= Henry Hexham =

English military writer

Henry Hexham (c. 1585 – c. 1650) was an English military writer. He also worked on Mercator's Atlas and on a Copious English and Nether-duytch Dictionarie.

==Life==
Hexham was born in Holland, Lincolnshire. His mother appears to have been a sister of Jerome Heydon, merchant, of London, who was probably related to Sir Christopher Heydon. The cousin, John Heydon, to whom Hexham dedicates his Appendix of Lawes, has been identified with Sir John Heydon (died 1653), Sir Christopher's son, and Sir Christopher's daughter Frances married Philip Vincent, who has commendatory verses prefixed to Hexham's translation of Mercator's Atlas.

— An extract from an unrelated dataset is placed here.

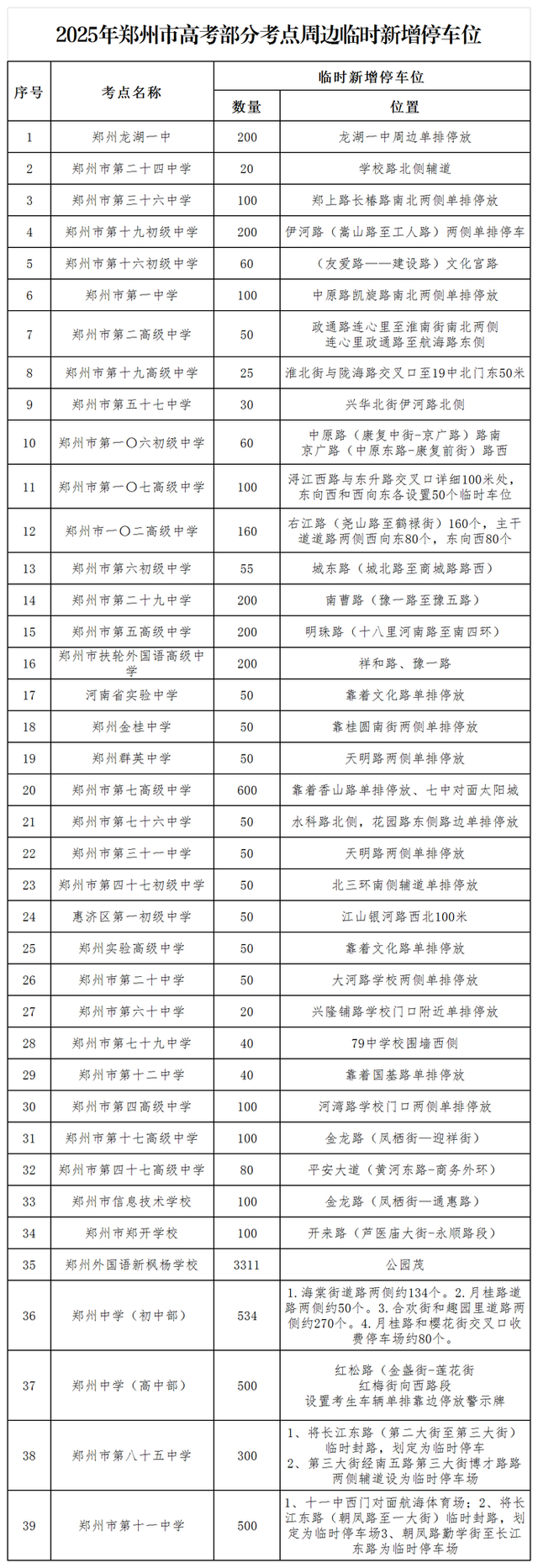 据悉,部分考点周边由于道路狭窄,停车位少,考生和送考家长众多,停车需求大,交通压力较大。为确保考点周边道路畅通,郑州交警经过调研梳理,对全市39个考点周边新增8535个临时停车位,将对60个考点门前道路采取禁行、限行等临时性交通管理措施,具体信息如下:
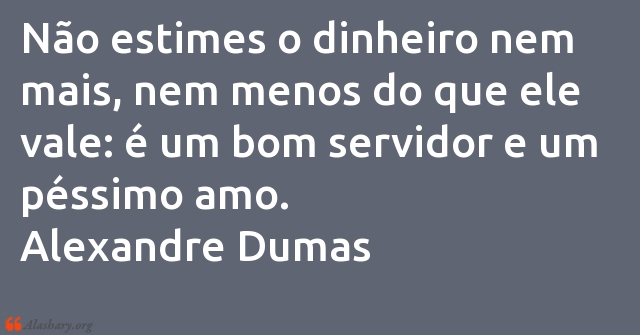 Não estimes o dinheiro nem mais, nem menos do que ele vale: é um bom servidor e um péssimo amo. Alexandre Dumas

Hexham was placed as a page in his early youth to Sir Francis Vere, with whom he remained through the siege of Ostend in 1601. His narrative of it appears at the end of Sir Francis Vere's Commentaries (1657). Hexham seems to have served Sir Francis until his return to England in 1606, then remained in the Low Countries, possibly in a town garrisoned by the English. He was personally acquainted with Prince Maurice of Nassau and his brother, Frederick Henry. In 1611 he published a Dutch translation of The Highway to Heaven, by Thomas Tuke entitled De Konincklicke wech tot den Hemel... (Dordrecht). In 1623 came A Tongue Combat lately happening between two English Souldiers... the one going to serve the King of Spain, the other to serve the States Generall (London, 1623). When Sir Horace Vere in 1625 went to relieve Breda, Hexham was quartermaster to his regiment. He held similar positions under Vere during the siege of 's-Hertogenbosch in 1629, and the capture of Venlo, Roermond and Strale, and siege of Maastricht in 1631–1632.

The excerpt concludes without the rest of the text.